◆ **Exercise objective**:
Only the lines from the one containing "anzeigen | |" through the last line below belong in your copy; transcribe them exactly and omit any pictures.

◆ **Exercise data**:
☆ ☆ ☆ ☆

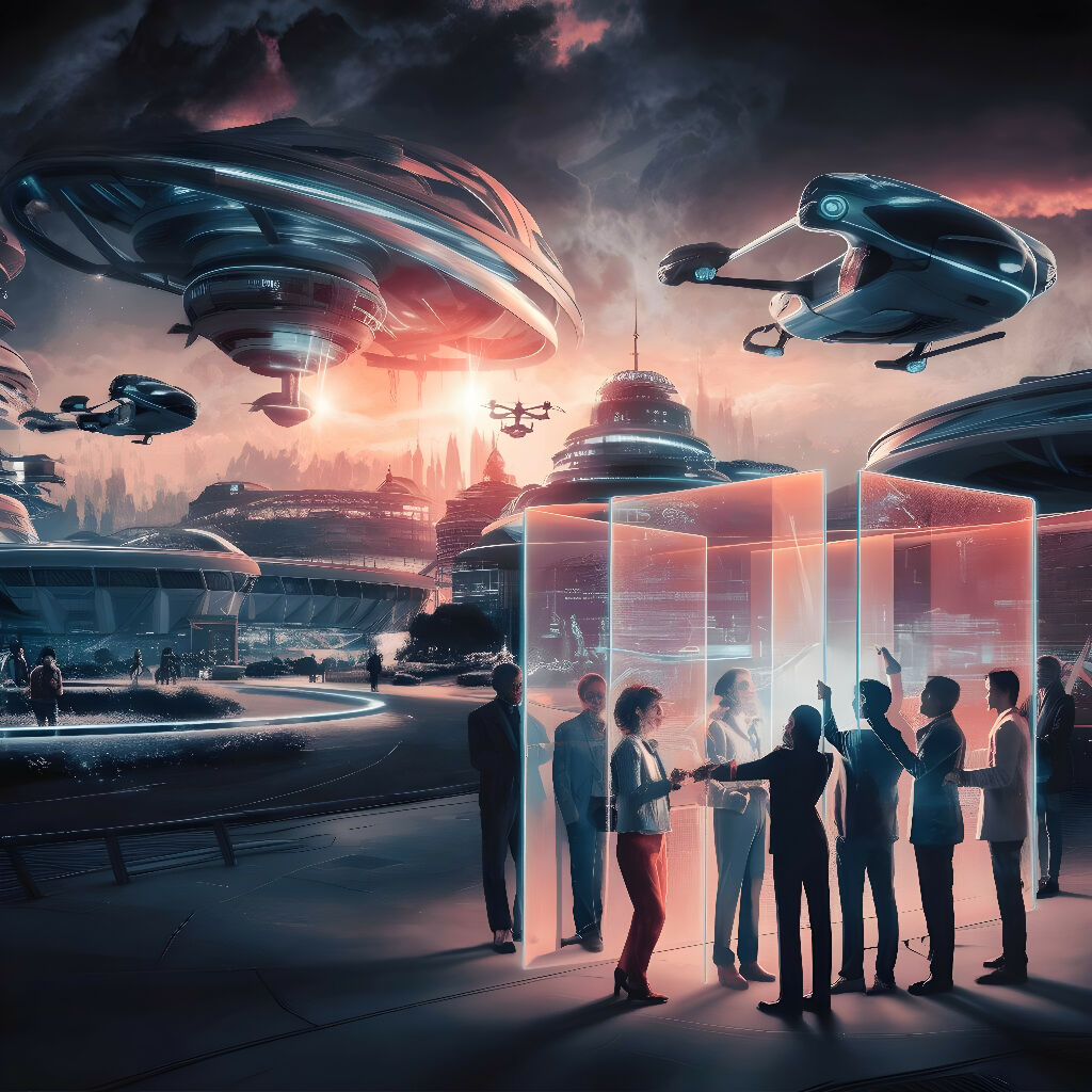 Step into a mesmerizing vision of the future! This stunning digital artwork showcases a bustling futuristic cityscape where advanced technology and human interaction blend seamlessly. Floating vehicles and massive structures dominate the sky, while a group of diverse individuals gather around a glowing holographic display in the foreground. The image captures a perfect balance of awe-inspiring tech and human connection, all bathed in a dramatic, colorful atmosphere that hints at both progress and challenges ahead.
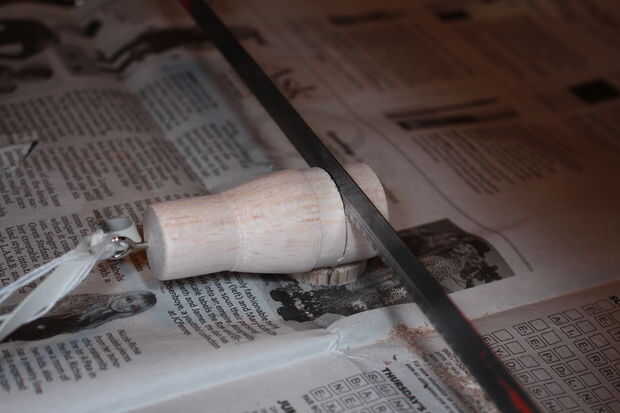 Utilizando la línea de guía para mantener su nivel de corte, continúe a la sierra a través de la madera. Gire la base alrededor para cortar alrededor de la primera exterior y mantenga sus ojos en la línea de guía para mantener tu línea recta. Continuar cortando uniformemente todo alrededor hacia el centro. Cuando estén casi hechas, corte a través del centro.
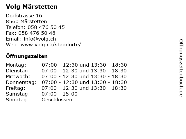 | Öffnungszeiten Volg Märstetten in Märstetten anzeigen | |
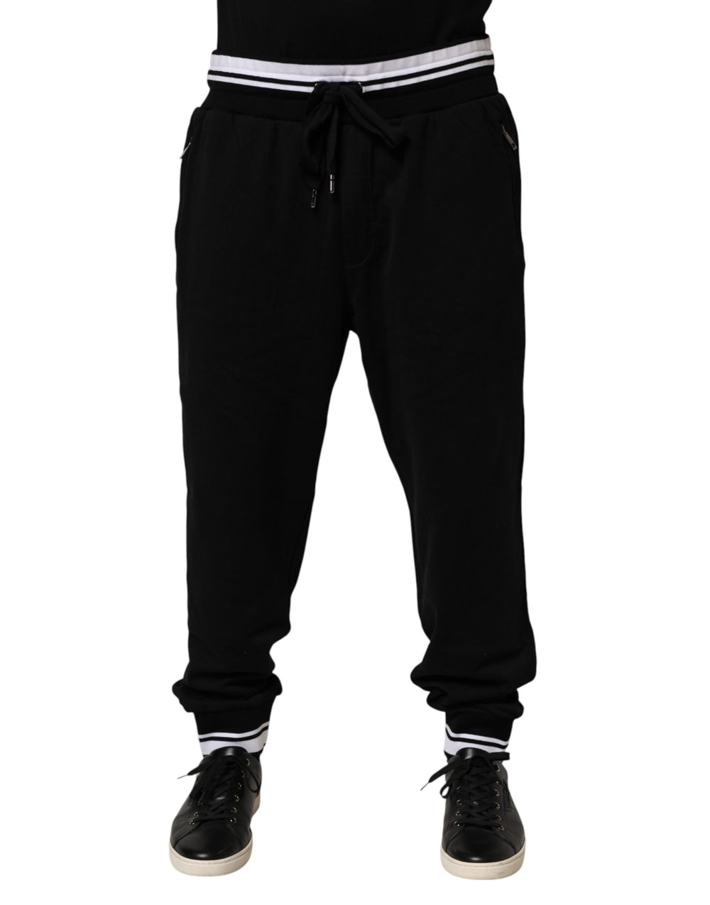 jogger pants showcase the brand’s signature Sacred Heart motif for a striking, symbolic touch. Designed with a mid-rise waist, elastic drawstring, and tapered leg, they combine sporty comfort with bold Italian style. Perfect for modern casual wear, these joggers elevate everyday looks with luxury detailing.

☆ ☆ ☆ ☆

◆ **Result of the exercise**:
 | Öffnungszeiten Volg Märstetten in Märstetten anzeigen | |
 jogger pants showcase the brand’s signature Sacred Heart motif for a striking, symbolic touch. Designed with a mid-rise waist, elastic drawstring, and tapered leg, they combine sporty comfort with bold Italian style. Perfect for modern casual wear, these joggers elevate everyday looks with luxury detailing.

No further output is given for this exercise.